Pictures must not appear in the copy. Restate exactly the lines below from the one with "在【青岛本地宝】对话框发送:迎宾馆,即可获取预约入口" through the one with "마지막으로 향한 곳은", inclusive.
BEGIN DATA SUPPLIED
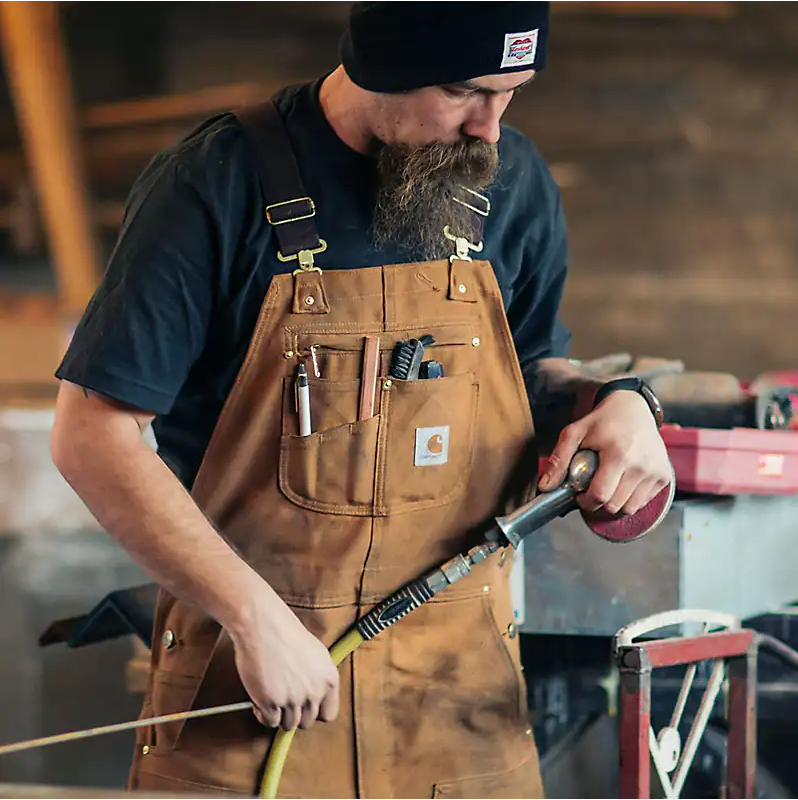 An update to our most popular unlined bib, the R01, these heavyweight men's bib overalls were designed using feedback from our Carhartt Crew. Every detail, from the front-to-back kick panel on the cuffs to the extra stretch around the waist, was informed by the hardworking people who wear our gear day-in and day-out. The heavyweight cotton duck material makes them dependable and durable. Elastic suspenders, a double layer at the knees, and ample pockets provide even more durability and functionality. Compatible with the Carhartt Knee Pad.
END DATA SUPPLIED
BEGIN DATA SUPPLIED
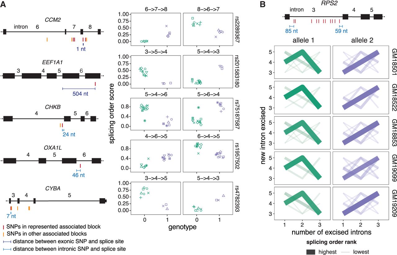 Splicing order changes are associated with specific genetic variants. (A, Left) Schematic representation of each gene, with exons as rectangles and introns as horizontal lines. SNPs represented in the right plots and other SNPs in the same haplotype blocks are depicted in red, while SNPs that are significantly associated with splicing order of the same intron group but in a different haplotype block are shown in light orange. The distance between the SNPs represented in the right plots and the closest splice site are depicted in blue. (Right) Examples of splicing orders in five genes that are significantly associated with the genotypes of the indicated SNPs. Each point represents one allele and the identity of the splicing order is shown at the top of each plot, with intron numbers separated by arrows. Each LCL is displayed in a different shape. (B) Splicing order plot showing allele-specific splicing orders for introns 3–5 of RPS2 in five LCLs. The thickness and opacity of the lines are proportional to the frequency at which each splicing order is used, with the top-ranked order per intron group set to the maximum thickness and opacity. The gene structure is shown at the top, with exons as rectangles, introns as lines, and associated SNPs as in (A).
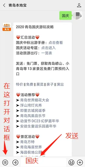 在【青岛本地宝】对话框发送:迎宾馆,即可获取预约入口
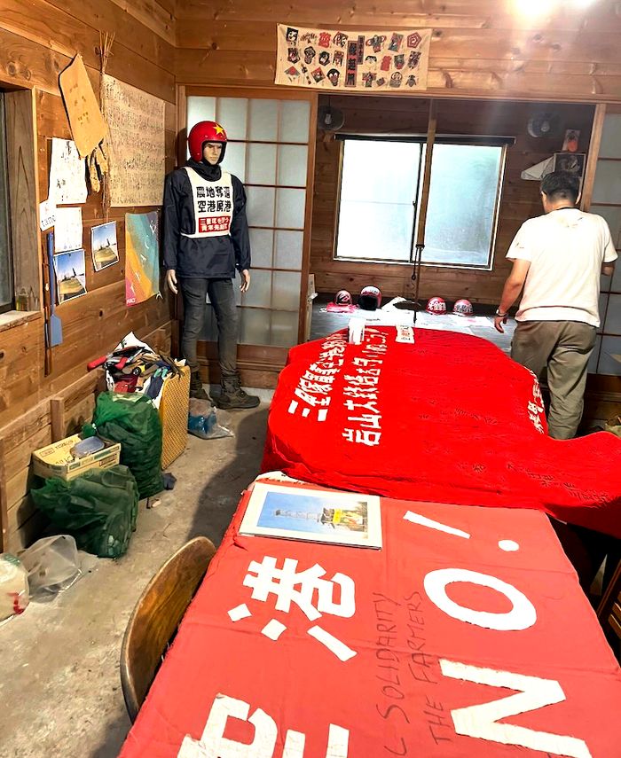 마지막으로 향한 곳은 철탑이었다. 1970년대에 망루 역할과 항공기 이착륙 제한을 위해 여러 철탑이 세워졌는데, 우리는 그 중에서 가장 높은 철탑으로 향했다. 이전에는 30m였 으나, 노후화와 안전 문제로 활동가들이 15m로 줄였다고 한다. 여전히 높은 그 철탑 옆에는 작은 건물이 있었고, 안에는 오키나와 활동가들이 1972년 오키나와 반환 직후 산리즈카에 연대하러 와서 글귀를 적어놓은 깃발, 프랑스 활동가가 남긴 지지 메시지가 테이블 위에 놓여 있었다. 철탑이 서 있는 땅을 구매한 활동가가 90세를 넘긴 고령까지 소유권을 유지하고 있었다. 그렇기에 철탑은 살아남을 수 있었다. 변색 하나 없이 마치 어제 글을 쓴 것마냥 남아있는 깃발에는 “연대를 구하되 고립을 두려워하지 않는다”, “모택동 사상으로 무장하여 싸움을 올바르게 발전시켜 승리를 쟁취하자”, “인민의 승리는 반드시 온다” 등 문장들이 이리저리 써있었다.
END DATA SUPPLIED
> **RESPONSE TO THE TASK**
 在【青岛本地宝】对话框发送:迎宾馆,即可获取预约入口
 마지막으로 향한 곳은 철탑이었다. 1970년대에 망루 역할과 항공기 이착륙 제한을 위해 여러 철탑이 세워졌는데, 우리는 그 중에서 가장 높은 철탑으로 향했다. 이전에는 30m였 으나, 노후화와 안전 문제로 활동가들이 15m로 줄였다고 한다. 여전히 높은 그 철탑 옆에는 작은 건물이 있었고, 안에는 오키나와 활동가들이 1972년 오키나와 반환 직후 산리즈카에 연대하러 와서 글귀를 적어놓은 깃발, 프랑스 활동가가 남긴 지지 메시지가 테이블 위에 놓여 있었다. 철탑이 서 있는 땅을 구매한 활동가가 90세를 넘긴 고령까지 소유권을 유지하고 있었다. 그렇기에 철탑은 살아남을 수 있었다. 변색 하나 없이 마치 어제 글을 쓴 것마냥 남아있는 깃발에는 “연대를 구하되 고립을 두려워하지 않는다”, “모택동 사상으로 무장하여 싸움을 올바르게 발전시켜 승리를 쟁취하자”, “인민의 승리는 반드시 온다” 등 문장들이 이리저리 써있었다.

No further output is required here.